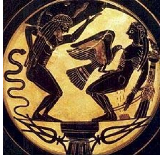
Prometheus mit dem Adler Ethon und Atlas (Lakonische Schale, ca. 530 v. Chr.)
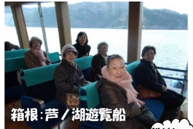
箱根・芦ノ湖遊覧船
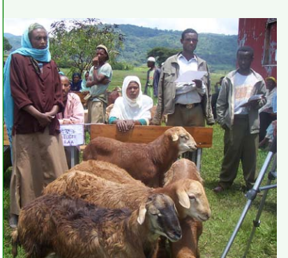
ሚስኩ - በግ መሸጥ በማህበረሰቡ ዕውቅናን አስገኘ

በግብርናና ገጠር ልማት ቢሮና በምርታማነትና ገበያ ስኬት ማሻሻያ ፕሮጀክት አዘጋጅነት በሁሉም የገበሬ ማህበራት ውስጥ የሚገኙ ሴት አርሶ አደሮች በወተት ምርት፣ በአትክልትና በንብ ማነብ ምርትና ገበያ ላይ ተሰማርተው ውጤታማ ወይም ምርጥ አምራች የሆኑ ሴት አርሶ አደሮችን እንዲጎበኙ የመስክ የጉብኝት ቀን በአድአ የመከራ ጣቢያ አዘጋጅቶ ነበር። ይህ ዝግጅት ሴቶች ዕውቀታቸውንና ክህሎታቸውን በአግባቡ ከተጠቀሙ ምን ያህል ውጤታማ ሊሆኑ እንደሚችሉ በወረዳው ለሚገኙ ሴት አርሶ አደሮች ለማሳየት አስችሎአል።
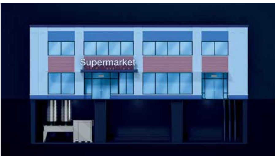
Gepackte Innen- anstellung
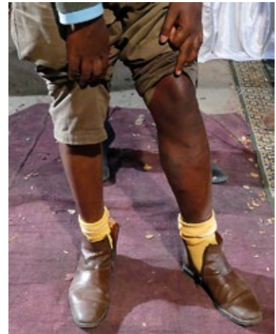
20 Jahre lang hatte er ein schmerzhaftes, geschwollenes Bein. Er konnte nur unter Schmerzen auftreten. Die Schmerzen sind weg und er kann wieder normal gehen.
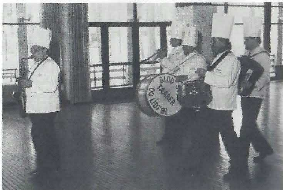
Indmarch til tonerne af "Kokkeorkestret"
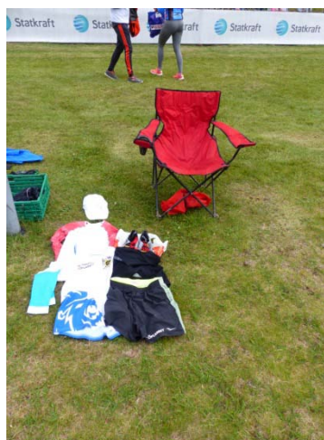
Der Wechsel zum Lauf steht
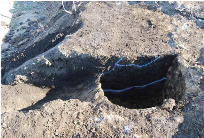
1. SKJ156 断面（西から）
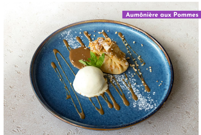
Aumônière aux Pommes

....

__What the exercise asks__
Reproduce the lines of the listing exactly, starting at the one that contains "Gepackte Innen- anstellung" and continuing through the final line, but leave out the pictures.

__Answer for the task__
Gepackte Innen- anstellung
20 Jahre lang hatte er ein schmerzhaftes, geschwollenes Bein. Er konnte nur unter Schmerzen auftreten. Die Schmerzen sind weg und er kann wieder normal gehen.
Indmarch til tonerne af "Kokkeorkestret"
Der Wechsel zum Lauf steht
1. SKJ156 断面（西から）
Aumônière aux Pommes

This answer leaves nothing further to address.